Embedded real-time infrared and visible image fusion for UAV surveillance

2021 
Infrared and visible image fusion is a beneficial processing task for Unmanned Aerial Vehicle (UAV) surveillance, which can improve visibility by combining the advantages of the infrared camera and the visible light camera. An embedded onboard solution is necessary for UAV-based surveillance missions because it reduces the amount of data that are transmitted to the ground. In this paper, we propose an infrared and visible light image fusion method and implement it on two platforms with commonly used HW accelerators for embedded vision applications: Zedboard (ARM + FPGA) and NVIDIA TX1 (ARM + GPU), and compare their performances. To verify the usefulness of image fusion, we carry out sufficient experiments to prove that image fusion can improve the target detection ability of a UAV in different scenes.
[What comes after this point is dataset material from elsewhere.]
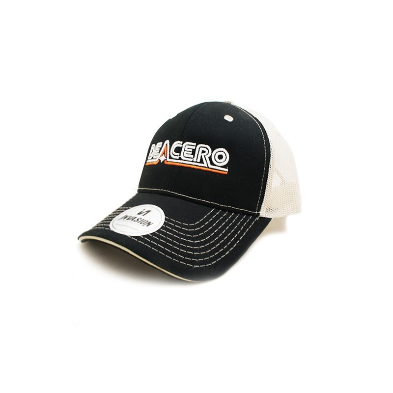 Gorra %60 algodón y %40 poliester negra con beige y/o negra con blanco, logo Deacero bordado a 2 tonos.

The detection rate for target detection is up to 0.926 in our experiments. The execution times on the ZedBoard and the TX1 are, respectively, 205.3 FPS and 36.6 FPS (38 $$\times$$ and 6.7 $$\times$$ in comparison to an ARM Cortex-A9 processor). Our results also show that the ZedBoard achieves an energy/frame reduction ratio of 7.1 $$\times$$ and 18.9 $$\times$$ respectively compared to the TX1 and the ARM CPU. This work is based on a UAV platform designed by ourselves, and all image sets are real scenes that we have captured. This demonstrates that the proposed method is viable and reflects the actual needs of real UAV surveillance systems.